Fallujah was the first city in Iraq to be captured by ISIS. That was three years ago. It's been a year since it was liberated. Fallujah is where U.S. forces fought two major battles, where the Iraqi insurgency was strong and where al-Qaida also took root at one point. We're going to hear what it's like there now. NPR's Jane Arraf went to Fallujah to see what has changed, and she joins us. Hi, Jane.

JANE ARRAF, BYLINE: Hi, Ari.

SHAPIRO: How much has life returned to the city?

ARRAF: Well, compared to a year ago, it's like a completely different place. So I drove through the - Fallujah the day it was liberated actually, and although the government declared it liberated - the prime minister did a victory lap through the streets - there was actually still fighting going on. There were buildings being burned. There were airstrikes. There was destruction everywhere.

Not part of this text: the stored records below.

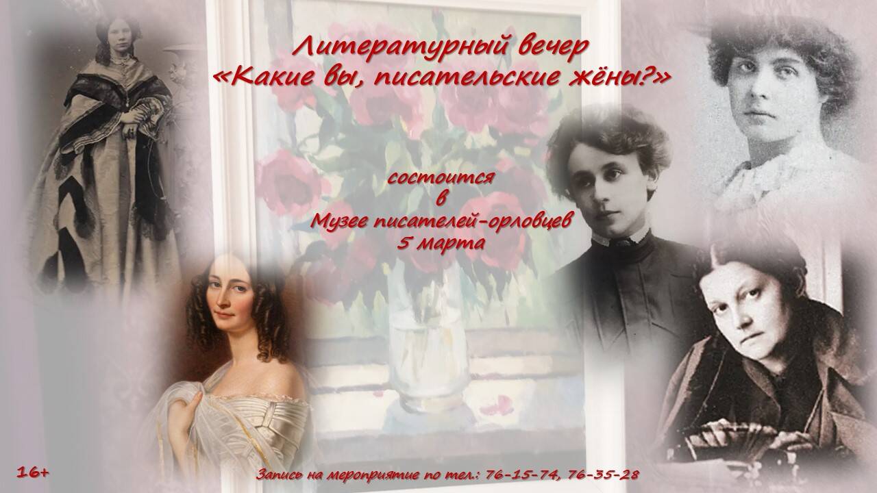 5 марта в 15:00 в канун праздника женщин в музее писателей-орловцев состоится вечер: «Какие вы, писательские жёны…», посвященный женам писателей. От жён часто зависит вдохновение, творческая и личная судьба писателей. Не случайно Б. К. Зайцев сказал, что «жизнь не может быть лёгкой и безгрешной, но женщина может тянуть вверх или вниз».
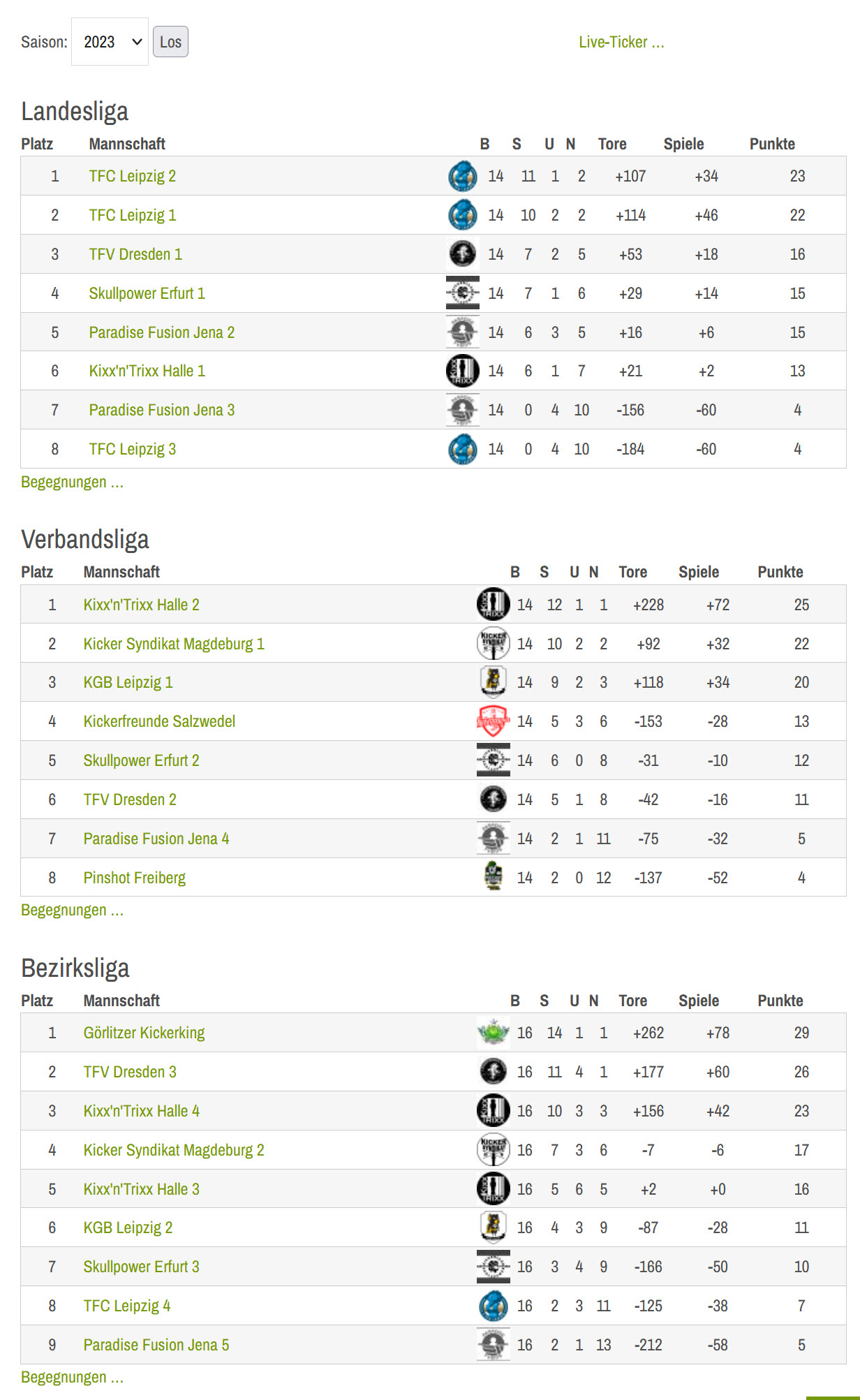 Ergebnisse Ligabetrieb 2023
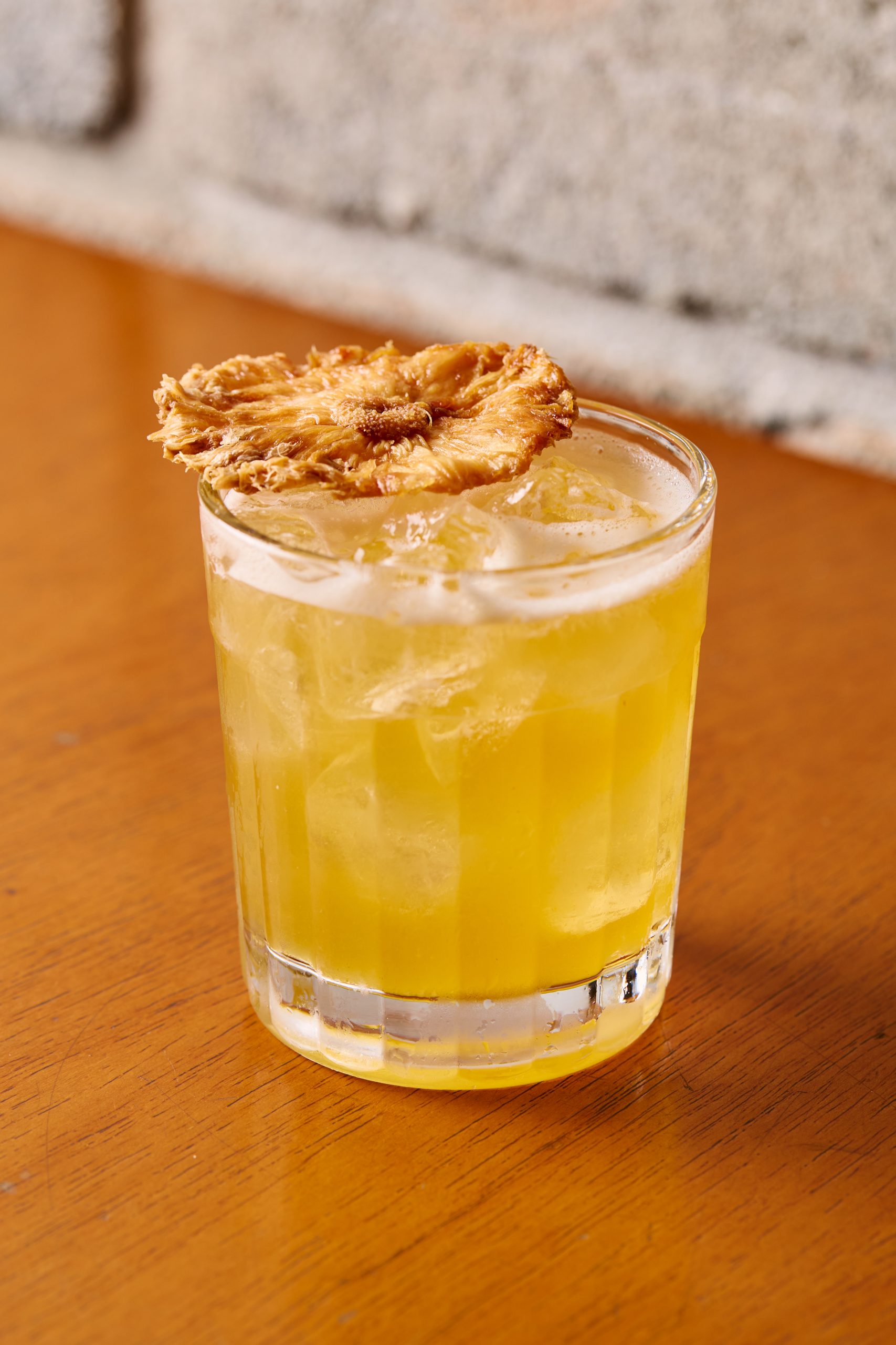 Gordon's Gin, Purê de Abacaxi com Mate, Limão, Tropical Seco e Angostura Bitter.

So this is a little more than a year later, and driving through these same streets, the shops are opened again. You see windows with sleeveless dresses and short skirts. There are cosmetics and music shops open. All of those were banned under ISIS. And in a city where people towards the end were literally on the verge of starvation - they were eating animal fodder - the place, if you can afford it, is full of food. The vegetable markets are open. There's almost everything there. But there still are problems - not to say it's perfect.

SHAPIRO: What kinds of problems are you seeing?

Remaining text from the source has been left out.